By the time my studio visit with Francesca Gabbiani is winding up, the conversation has turned to Griffith Park. We talk about our respective walks, and various neglected areas of the Park—the depleted bird sanctuary and abandoned spaces and cages near the Zoo—and the spirits that haunt those spaces. Gabbiani became obsessed with the dark history of the Park’s benefactor, Griffith J. Griffith. Less than a decade after the 3,000-acre bequest that became his namesake park, he nearly killed his wife, Christina, by shooting her in the eye, leaving her permanently disfigured—a crime for which he served two years in prison.
Something of Christina’s spirit may remain in the park; but our fascination speaks of a more extensive legacy of human and wild life marking the landscape. Coyotes can occasionally be heard howling in the early evening and their alarm signals a warning beyond their dark sanctuary.
You sense the “call of the wild” in Gabbiani’s work, even through its intense artifice and deliberation. Beyond the elaborate mapping and breakdown of the image (whether physical landscape, domestic or interior space, or what we might just call the dark vortex of the imagination) preparatory to its rendering in the cut colored papers and various pigmented media (inks, gouache, watercolor, acrylics) she has made her signature, her process is a decoding and recoding, a continuous reconsideration of places, their constituent phenomena, and what we might call, in perceptual terms, their “aura.”
Situated on the flanks of Atwater Village, Gabbiani’s studio has the feel of a refuge on the gray day I visit her. We trade notes about some of the shows we’ve taken in the night before—and I’m not at all surprised to hear she admired the same John Divola “running figure” photographs I did at a downtown gallery. I mention the abandoned, vandalized shacks, sheds, boathouses and the like Divola brought to vivid life in the late 1970s that resonate with Gabbiani’s recently exhibited work. “He’s done that in photos and I have, too.” Gabbiani’s view takes a broader, exteriorized view in this work, but it is the continuity with her earlier work I pursue in our conversation.

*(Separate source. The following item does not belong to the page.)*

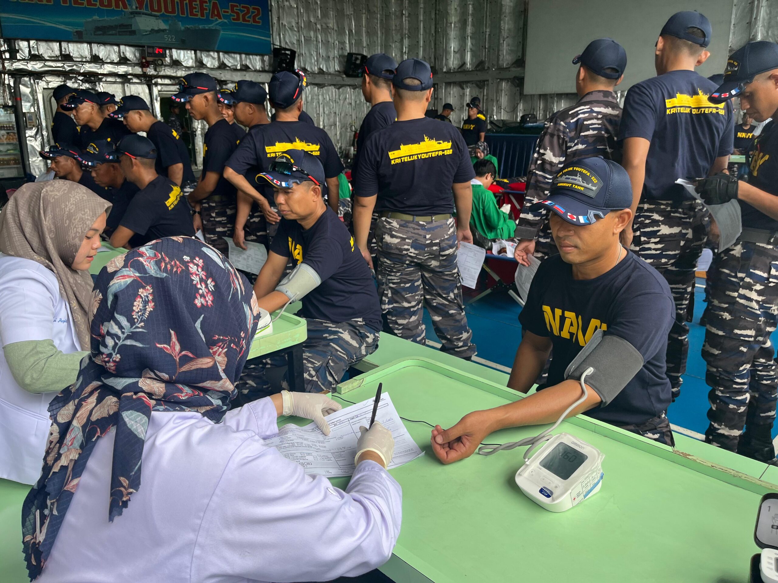 Berita Kolinlamil TNI AL, ibukotanews.com. — Dalam rangka mempererat rasa kepedulian sosial dan kemanusiaan, KRI Teluk Youtefa-522 menggelar kegiatan Bhakti Sosial Donor Darah bekerja sama dengan Palang Merah Indonesia (PMI) Kota Makassar, pada Senin (10/11). Kegiatan kemanusiaan ini berlangsung di Hanggar Heli KRI Teluk Youtefa-522 yang tengah bersandar di Pelabuhan Makassar.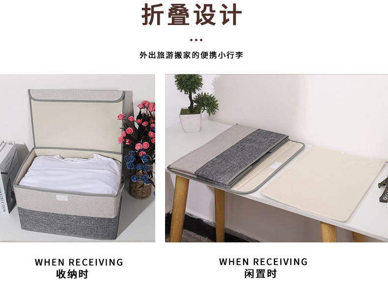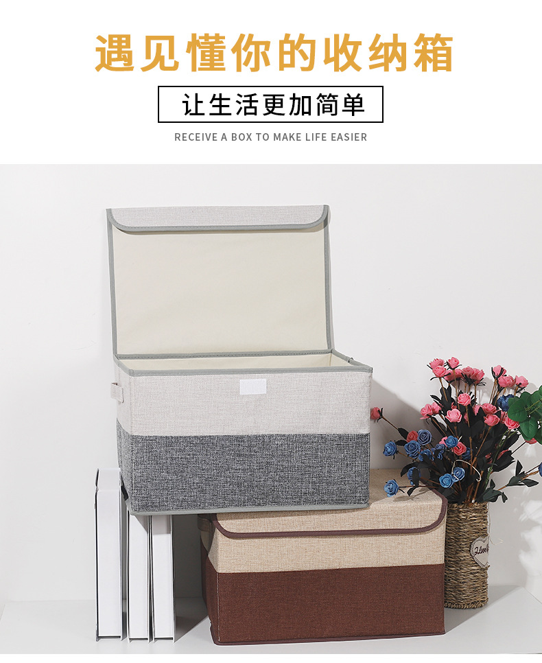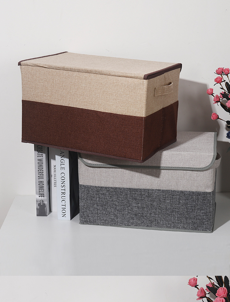 加厚收纳箱厂家直销韩式可折叠衣物整理箱优质棉麻带盖收纳盒现货

Gabbiani has fixed her eye upon many film-worthy houses and domestic interiors since her arrival in Los Angeles in 1995. At one point in our conversation, she mentions one of the first she sighted driving around Los Angeles—an “Asian-looking house” that appeared in John Cassavetes’ 1976 film The Killing of a Chinese Bookie. As I follow her around the studio, the movie pedigree of other images from past works or works in progress is disclosed—between fires, a subject she returns to in her most recent work (“spectacles, I call them”)—an ironic segue from the surreal horror films and LA film noir that have been a constant inspiration in her work. “This is a real house on fire—well it’s actually a dollhouse from [Terrence Malick’s 1973 film] Badlands.”
The darkness goes back as far as the abandoned houses and spaces she once occupied as a squatter after leaving school in Geneva. “There were all these empty spaces. They were very dark; the staircases could break, but all those empty houses and spaces became a refuge.”
The tenuous refuge or sanctuary is another through-line in her work—the disused or abandoned site that becomes a vehicle of transformation. “Why is it a refuge even though it’s scary?” She returns momentarily to Bachelard’s notion of the “attic or cellar” that might be regarded as a nest; and “why does it feel like home? I can stay there because I can change it maybe.”
“I kind of make it fantastical.” Gabbiani trails off here, but seems to confirm the connection between tenuous sanctuary and the elements of fantasy, even horror, that might be invited in right alongside. “I’m interested in the ephemerality of those spaces,” she says, “if there is an ephemerality to them.”
The fire in one sense or another has never been far off. Gabbiani has been no less moved by the “spectacle” of the recent wildfires and their destruction than the rest of the city, and she recently turned her attention to the aftermath of the burn—not so much the charred landscape that might be yet another black ground, but the smoke and miasma of debris clouding the atmosphere. “I’m trying to work on smoke. There were a few times I’d been on hikes when the mountains were on fire; and I’d be looking at mountains surrounded by smoke. So how do I do smoke?” Gabbiani shows me an array of fragments in sfumato variations—smoky indigos, blue-grays and inky blacks, mostly in watercolor and gouache. The atmospheric studies become a fresh groundwork for “the fluidity of the paint and the opacity of the paper” on a technical level, and perhaps an exploration of chaos—a systemic ephemerality on another level.